Credit: Papaioannou Kostas/Unsplash

At the end of a long cement hallway, a guard pulls the keyring from his belt and jabs a key into the iron lock. With a crank to the right, he steps aside and the cell door — at long last — swings open.

“It’s over,” he mutters with disinterest. “You’re free to go.”

My breath lodged in my throat, I steal a glance out the slit window of the lockup that’s held me captive for 14 surreal months. A tiny airplane crawls across the sky, and I can just make out the hiss of a nearby highway where free people are out living normal lives.

“No, thanks,” I say, tucking back into my book. “I’m good. But can you let me know when lunch is served?”

For extroverts like me, being forced into quarantine last March really did feel like a prison sentence. If we couldn’t throw parties and attend shows, by god, we might as well be getting cavity searched in a drafty six-by-eight, amirite?

We did our time, though. Paid our debt to COVID. And now (thank ya, science!), we’re being released into our lives again.

But … er, what if we’re not (oh, this is awkward) entirely ready? What if we’ve found — much to our shock and somewhat to our shame — that the “recluse” role rather suits us? In fact, it fits us like the cozy, elastic-waist terry joggers we’ve been living in for over a year.

I mean, let’s just start there. I forget my computer passwords after a week’s vacation. How am I supposed to remember how to tie a scarf into a Celebrity Knot after 400 accessory-free days?! I recently realized my bedroom has become an archaeological site full of nearly unrecognizable relics from a time gone by. Perfume? Pencil skirts? Statement purses?? Whatever did the ancients use those things for, she wondered? I pictured Indiana Jones reverently blowing the dust off my wedge heels and slipping them gingerly into his rucksack before diving out the window to whisk them off to a museum.
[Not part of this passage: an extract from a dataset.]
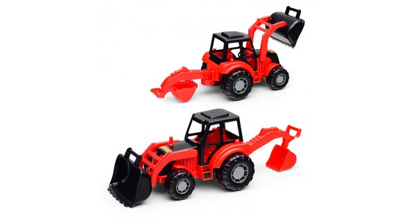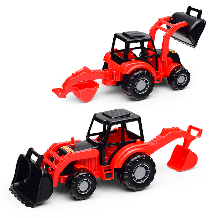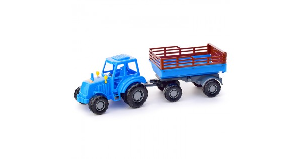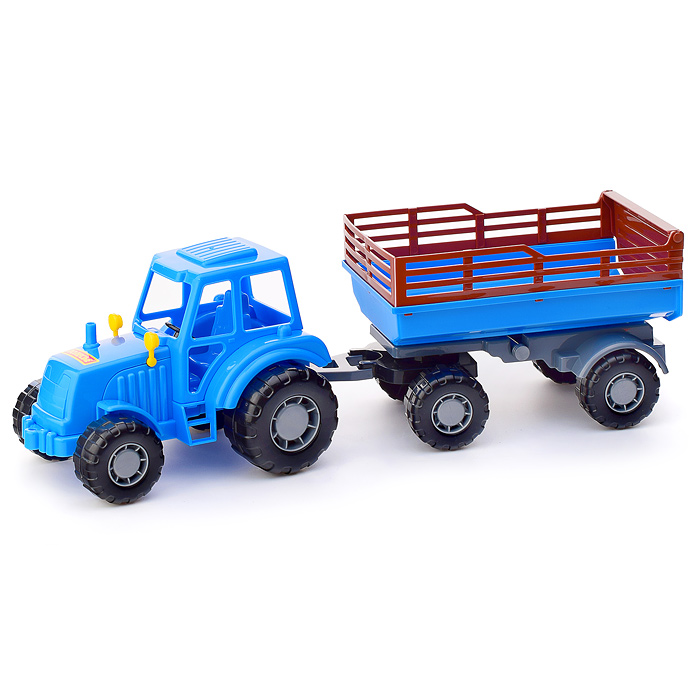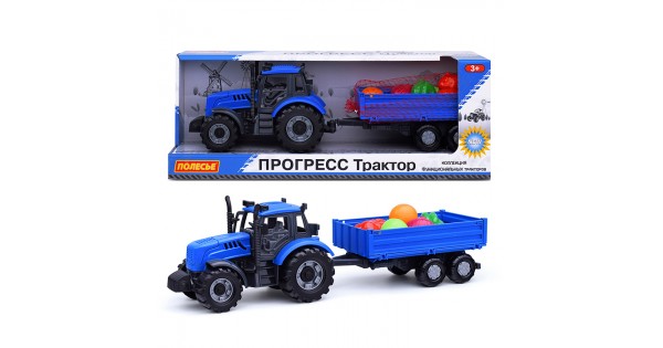 Трактор "Прогресс" с бортовым прицепом инерционный (синий) + набор продуктов (7 элементов) (в коробке)

It’s not just about getting dressed, though. I’m psychologically stuck. I genuinely can’t remember how to … unhermit myself. How to shake off the scrupulous seclusion and reclaim an active existence beyond my street address. I’m stranded between missing my pre-pandemic life (which, let’s face it, is gone forever) and having developed an affinity for life in quarantine (which is about to be gone forever). And forgive me if I’m not eager to know what fresh hell awaits us in post-pandemic life.

Change is hard, and we’ve had enough of it for a while, haven’t we? We rearranged our entire lives to avoid an invisible and unpredictable killer that made us behave unrecognizably. We stopped hugging. We Lysoled groceries. We rationed squares of Charmin.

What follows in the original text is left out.